Action item
Leaving out the images, reproduce every line of the data that follows exactly.

Data
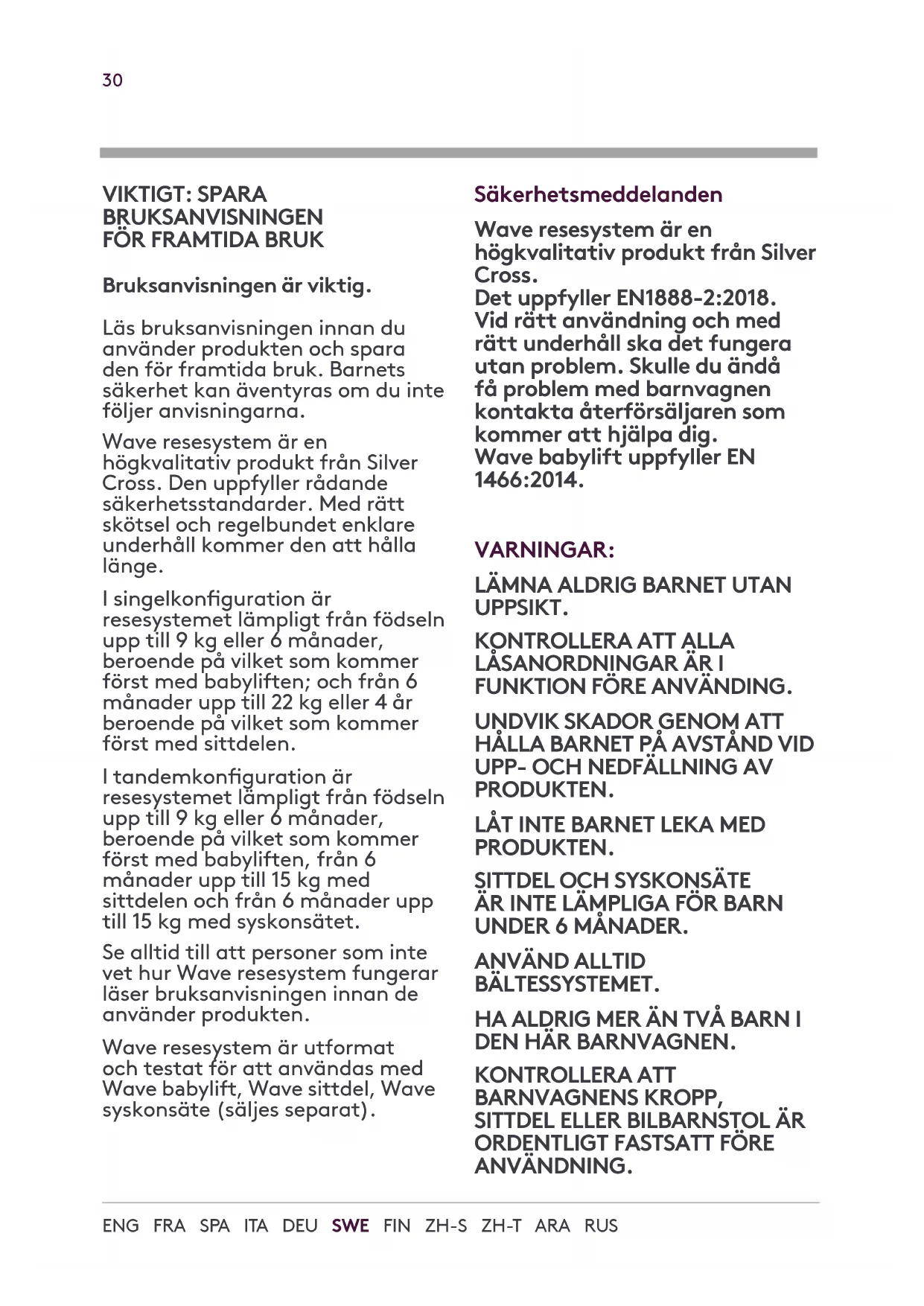 Bruksanvisningen är viktig. Läs bruksanvisningen innan du använder produkten och spara den för framtida bruk. Barnets säkerhet kan äventyras om du inte följer anvisningarna. Wave resesystem är en högkvalitativ produkt från Silver Cross. Den uppfyller rådande säkerhetsstandarder. Med rätt skötsel och regelbundet enklare underhåll kommer den att hålla länge. I singelkonguration är resesystemet lämpligt från födseln upp till 9 kg eller 6 månader, beroende på vilket som kommer först med babyliften; och från 6 månader upp till 22 kg eller 4 år beroende på vilket som kommer först med sittdelen. I tandemkonguration är resesystemet lämpligt från födseln upp till 9 kg eller 6 månader, beroende på vilket som kommer först med babyliften, från 6 månader upp till 15 kg med sittdelen och från 6 månader upp till 15 kg med syskonsätet. Se alltid till att personer som inte vet hur Wave resesystem fungerar läser bruksanvisningen innan de använder produkten. Wave resesystem är utformat och testat för att användas med Wave bbylift, Wave sittdel, Wave syskonsäte (säljes separat). Säkerhetsmeddelanden Wave resesystem är en högkvalitativ produkt från Silver Cross. Det uppfyller EN1888-2:2018. Vid rätt användning och med rätt underhåll ska det fungera utan problem. Skulle du ändå få problem med barnvagnen kontakta återförsäljaren som kommer att hjälpa dig. Wave babylift uppfyller EN 1466:2014. VARNINGAR:
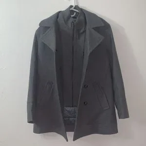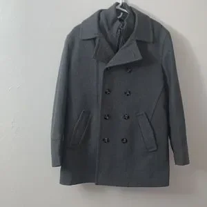 With its double-breasted closure and oversized notch collar, this heavyweight wool-blend peacoat is the ideal cold-weather companion. Styled with a removable bib, it also features a quilted interior lining for added comfort and warmth.
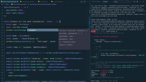 5:04 Let's save that and hopefully this passes, which it does. Awesome. We're in a really good place here now, because we can make as many of these tests as we want and we've already got all the endpoints or backend mocked out. We don't have to worry about it.
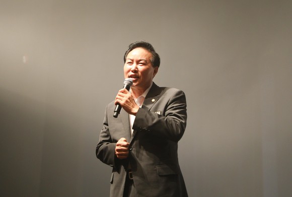 조동탁 의장이 추석맞이 효사랑 한마당 참석해 인사말을 하고 있다. 사진=강동구의회

Output of the exercise
 Bruksanvisningen är viktig. Läs bruksanvisningen innan du använder produkten och spara den för framtida bruk. Barnets säkerhet kan äventyras om du inte följer anvisningarna. Wave resesystem är en högkvalitativ produkt från Silver Cross. Den uppfyller rådande säkerhetsstandarder. Med rätt skötsel och regelbundet enklare underhåll kommer den att hålla länge. I singelkonguration är resesystemet lämpligt från födseln upp till 9 kg eller 6 månader, beroende på vilket som kommer först med babyliften; och från 6 månader upp till 22 kg eller 4 år beroende på vilket som kommer först med sittdelen. I tandemkonguration är resesystemet lämpligt från födseln upp till 9 kg eller 6 månader, beroende på vilket som kommer först med babyliften, från 6 månader upp till 15 kg med sittdelen och från 6 månader upp till 15 kg med syskonsätet. Se alltid till att personer som inte vet hur Wave resesystem fungerar läser bruksanvisningen innan de använder produkten. Wave resesystem är utformat och testat för att användas med Wave bbylift, Wave sittdel, Wave syskonsäte (säljes separat). Säkerhetsmeddelanden Wave resesystem är en högkvalitativ produkt från Silver Cross. Det uppfyller EN1888-2:2018. Vid rätt användning och med rätt underhåll ska det fungera utan problem. Skulle du ändå få problem med barnvagnen kontakta återförsäljaren som kommer att hjälpa dig. Wave babylift uppfyller EN 1466:2014. VARNINGAR:
 With its double-breasted closure and oversized notch collar, this heavyweight wool-blend peacoat is the ideal cold-weather companion. Styled with a removable bib, it also features a quilted interior lining for added comfort and warmth.
 5:04 Let's save that and hopefully this passes, which it does. Awesome. We're in a really good place here now, because we can make as many of these tests as we want and we've already got all the endpoints or backend mocked out. We don't have to worry about it.
 조동탁 의장이 추석맞이 효사랑 한마당 참석해 인사말을 하고 있다. 사진=강동구의회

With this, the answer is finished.